DIRECTIONS => Your answer must be only the lines below from the one containing "Je prépare mon" through the one containing "Εθνικές Εκλογές 20ής", copied exactly, with the pictures left out.

-=-=-

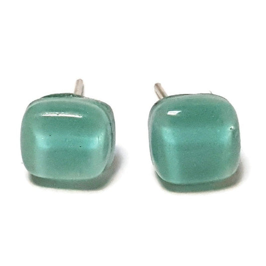Small square post Earrings. Light teal green color. Fused Glass Studs. Recycled Glass jewelry. Stud earrings
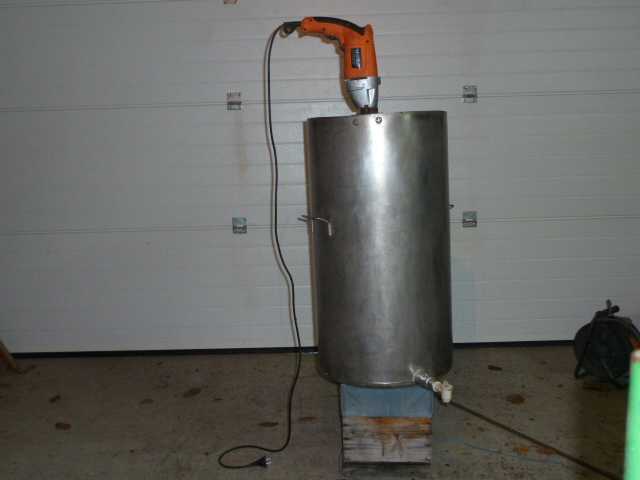 Je prépare mon sirop dans des maturateurs de 400kg. Je transfère avec ma pompe à miel dans une cuve.
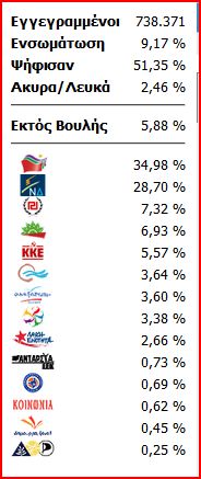 Εθνικές Εκλογές 20ής Σεπτεμβρίου 2015-Επικράτεια: Αναλυτικά Αποτελέσματα 99.51% (Συνεχής Ενημέρωση)
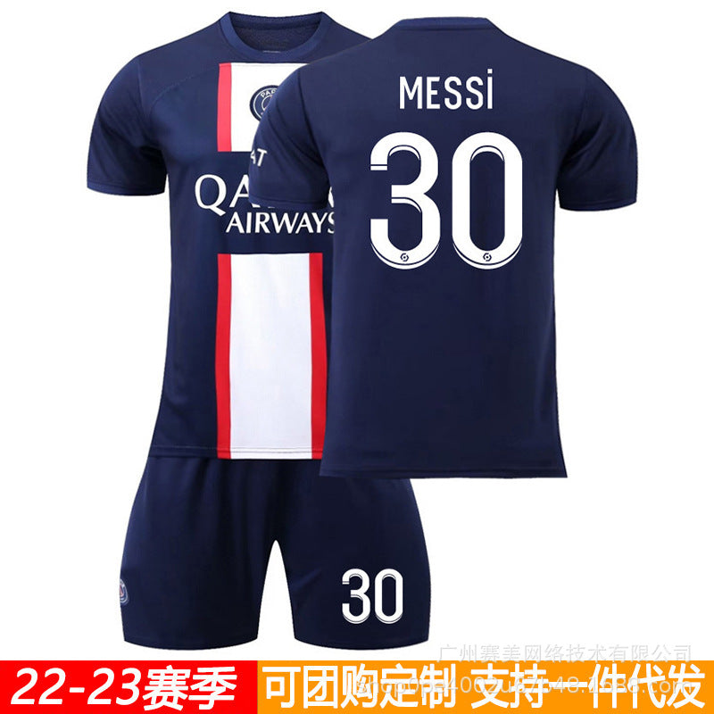 🔴🔵 Fuel your young footballer’s dreams with the 22/23 Paris Saint-Germain Home Jersey Set, featuring the legendary trio — Lionel Messi No.30 🇦🇷, Kylian Mbappé No.7 🇫🇷, and Neymar Jr. No.10 🇧🇷! Now available in Nepal 🇳🇵, this children's jersey suit is ideal for wholesale purchase — perfect for schools, football academies, gift shops, or team gear ⚽🎁.
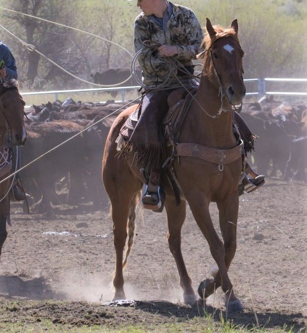 2008 model do anything type of horse. This gelding came from the Bentz Spur Brand breeding program in Juntura, Oregon. Since that time he has seen the miles outside as well as in the arena. Been roped on in rodeo, jackpot and World Series settings. Scores, runs hard and faces. Unfortunately, the AQHA papers were lost by the previous owners so this horse will sell grade (but was registered). He is by a King Fritz stud owned by the Bentz family. Absolutely no buck and requires no maintenance. If you are looking for your next head horse or something to ranch on, this horse is worth a look. Any level of roper. Honest, safe and sound.
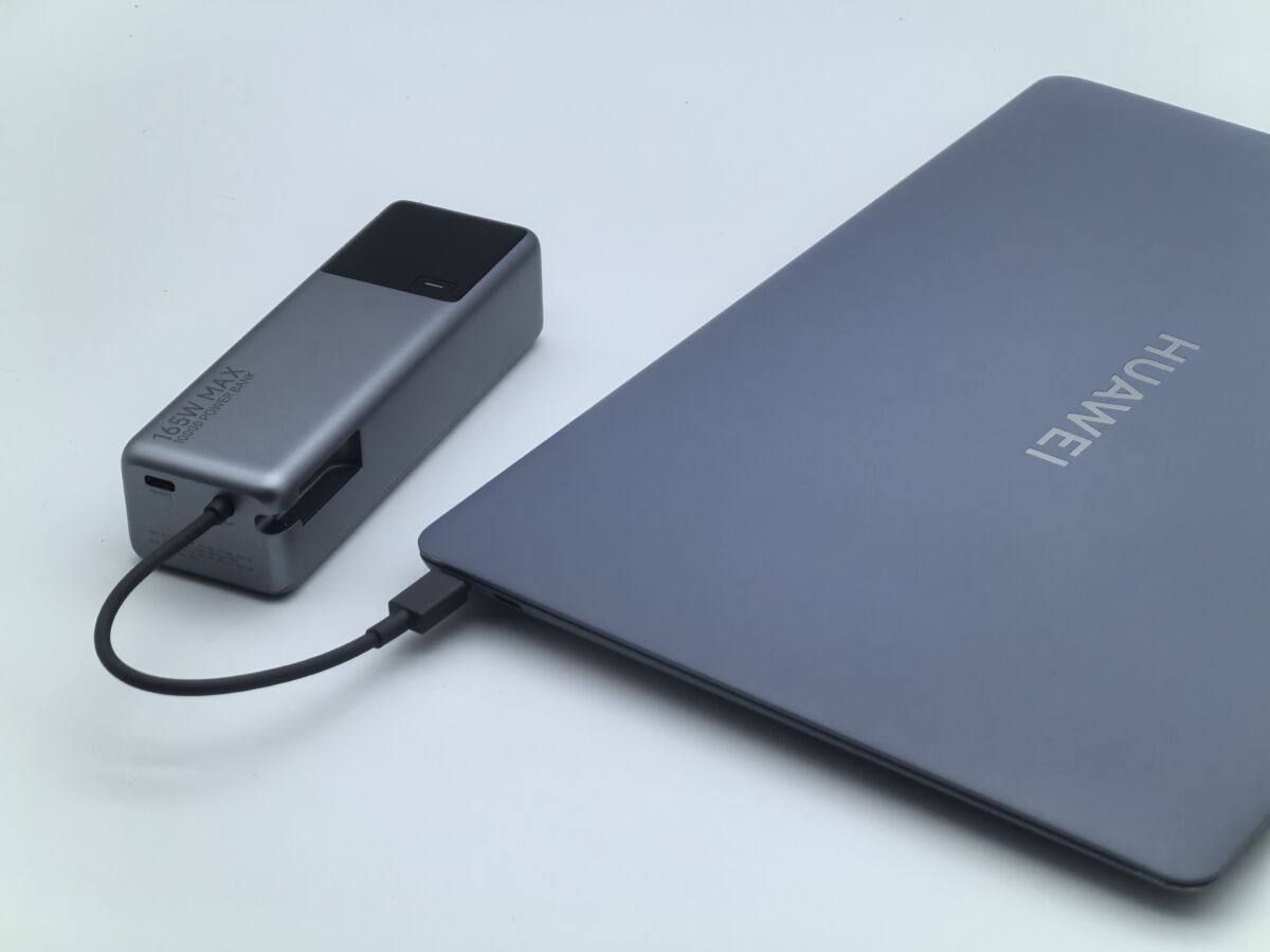 ▲而Xiaomi 自帶線行動電源 10000 165W 為 HUAWEI MateBook X Pro 2024 充電,可高達100W快充。
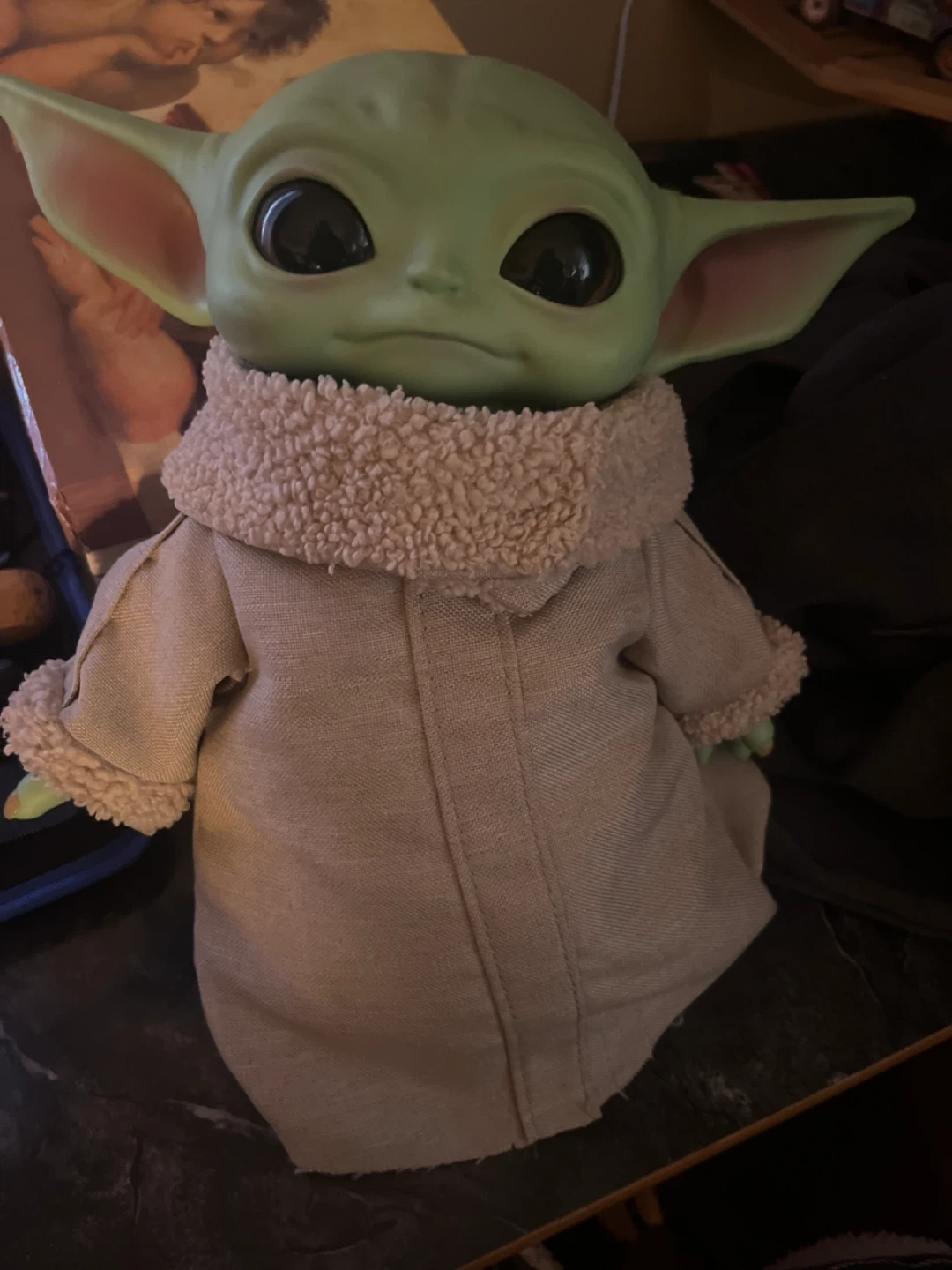 This is a plush toy of Grogu, also known as The Child. It's made of soft material and wears a fabric robe with a sherpa-lined collar. It's a fun collectible for Star Wars fans!

-=-=-

WORKED SOLUTION =>
 Je prépare mon sirop dans des maturateurs de 400kg. Je transfère avec ma pompe à miel dans une cuve.
 Εθνικές Εκλογές 20ής Σεπτεμβρίου 2015-Επικράτεια: Αναλυτικά Αποτελέσματα 99.51% (Συνεχής Ενημέρωση)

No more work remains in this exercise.